Gabriel Avery hadn’t picked a pocket in weeks and the tips of his fingers were starting to itch.
Summer was fast coming to an end and each week fewer tourists were passing through Torbridge, which meant fewer pockets for Gabriel to pick. Even the tourists who did come never stayed in the village long. After all, there were only so many photos someone could take of the town’s main attraction – a hideous granite boulder-bridge – before getting bored and leaving. Thankfully for Gabriel, a steady trickle of commuters still passed through daily. No doubt on the way to faraway places where wonderfully exciting things happened.
Gabriel had only lived in Torbridge for a year and already he felt that pretty much anywhere else would be more exciting.
It was early on a Monday morning and Gabriel was leaning against the wall of the train station waiting for the next train to pull in. Soon the platform would be alive with people changing to head north to Exeter or south to Cornwall. But at the moment, only two men in dark suits waited, and they were backlit by the rising sun so Gabriel couldn’t get a good look at them.
Probably locals, he thought, yawning.
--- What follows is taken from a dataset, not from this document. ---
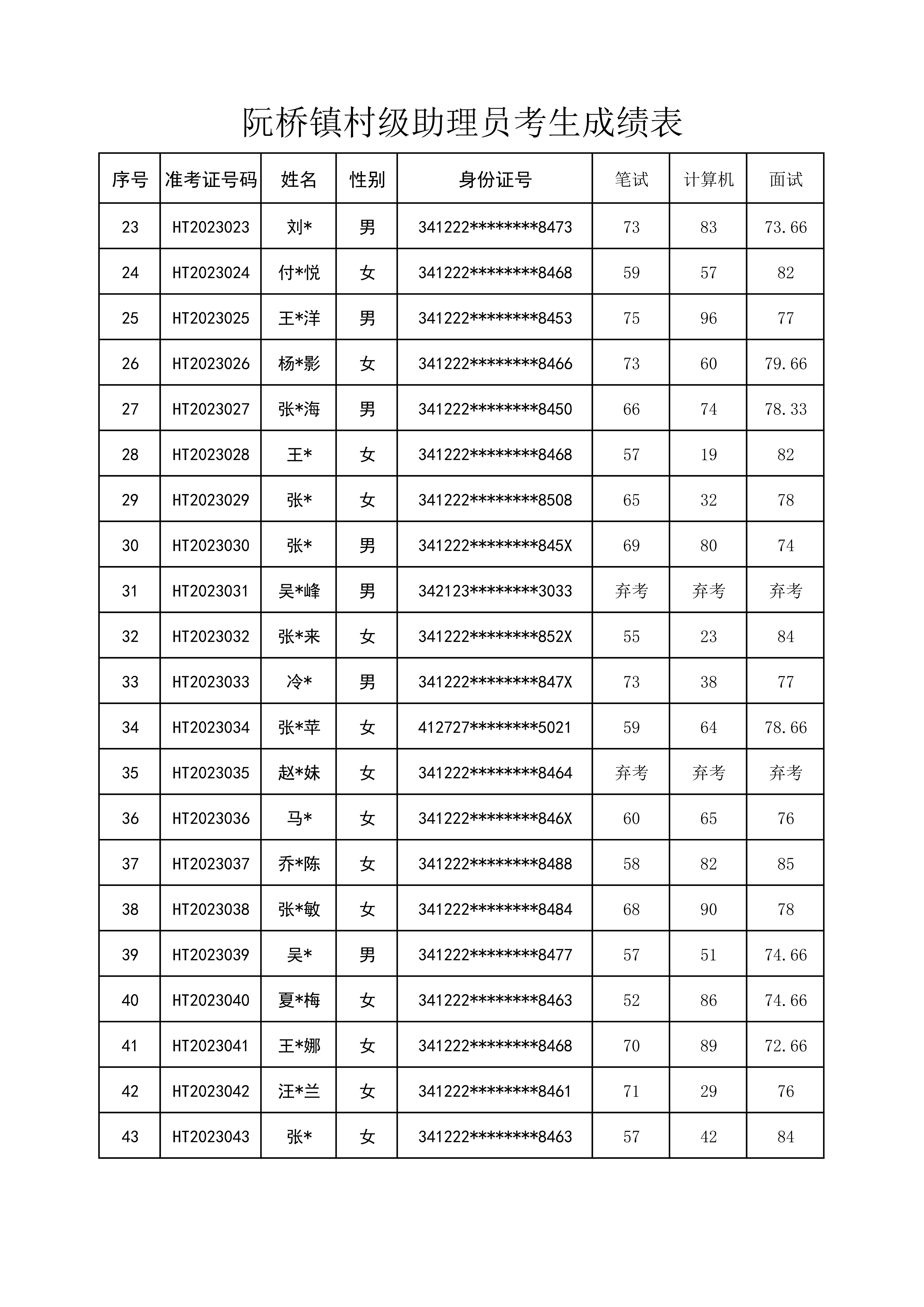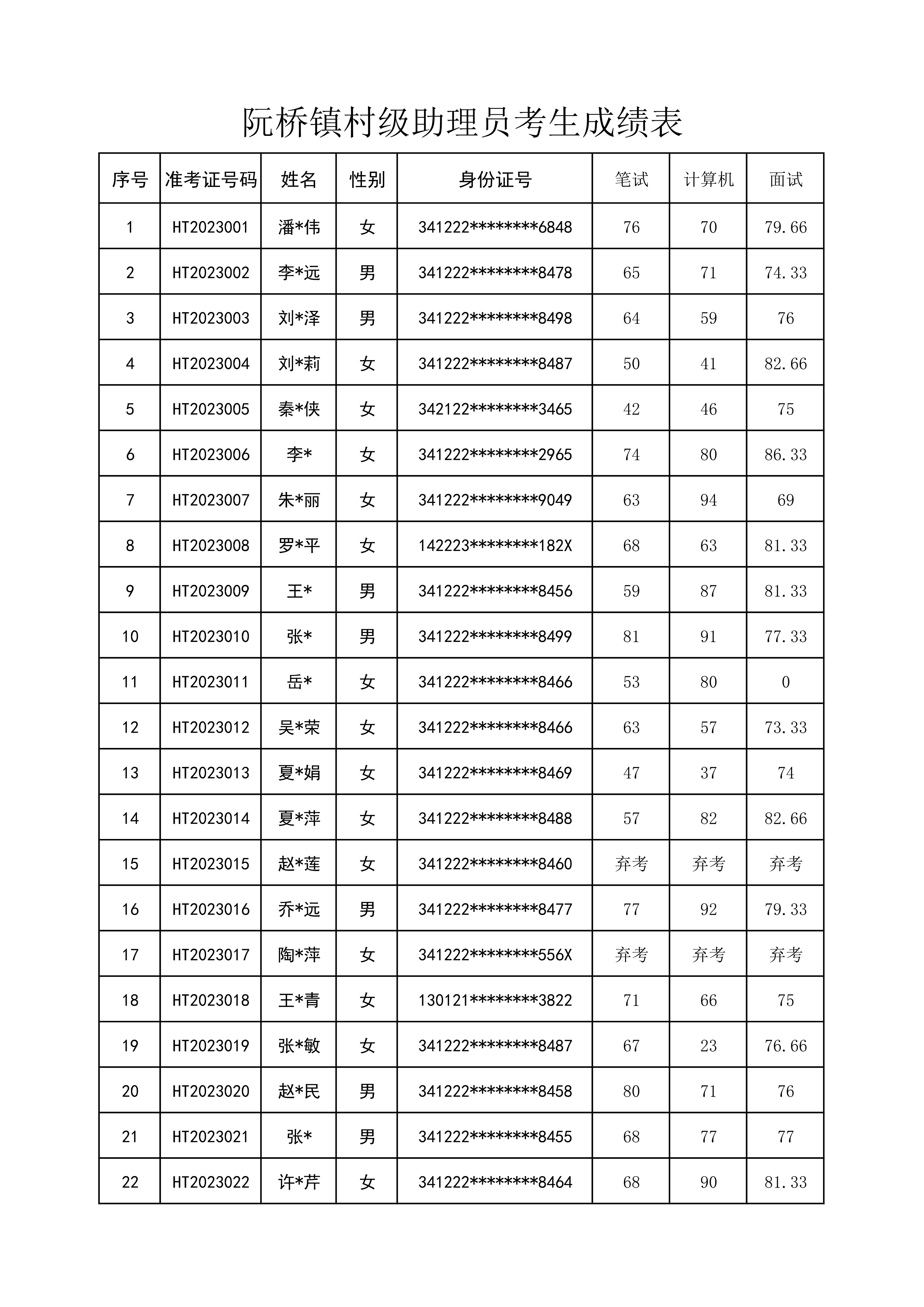 根據《阮橋鎮(zhèn)2023年村級助理員招聘公告》要求,經過報名、資格審查、筆試、計算機操作、面試等程序,現(xiàn)將筆試、計算機操作、面試成績予以公示(詳見附件),公示時間2023年6月20日至24日。

He never picked a local’s pocket. They’d only recognise him and tell Grandma. And after his most recent incident he was already in her bad books.
Come to think of it, Gabriel wasn’t sure he’d ever been in Grandma’s good books since they’d moved to Torbridge.
It was before eight and everyone getting off the trains would be grumpy, tired and, best of all, completely uninterested in Gabriel. Which meant he could move between them like a twinkle-fingered ghost. Excitement raced through him at the thought. For the last few weeks he’d been so busy helping Grandma at the mansion that he hadn’t been back here, and man did he miss it.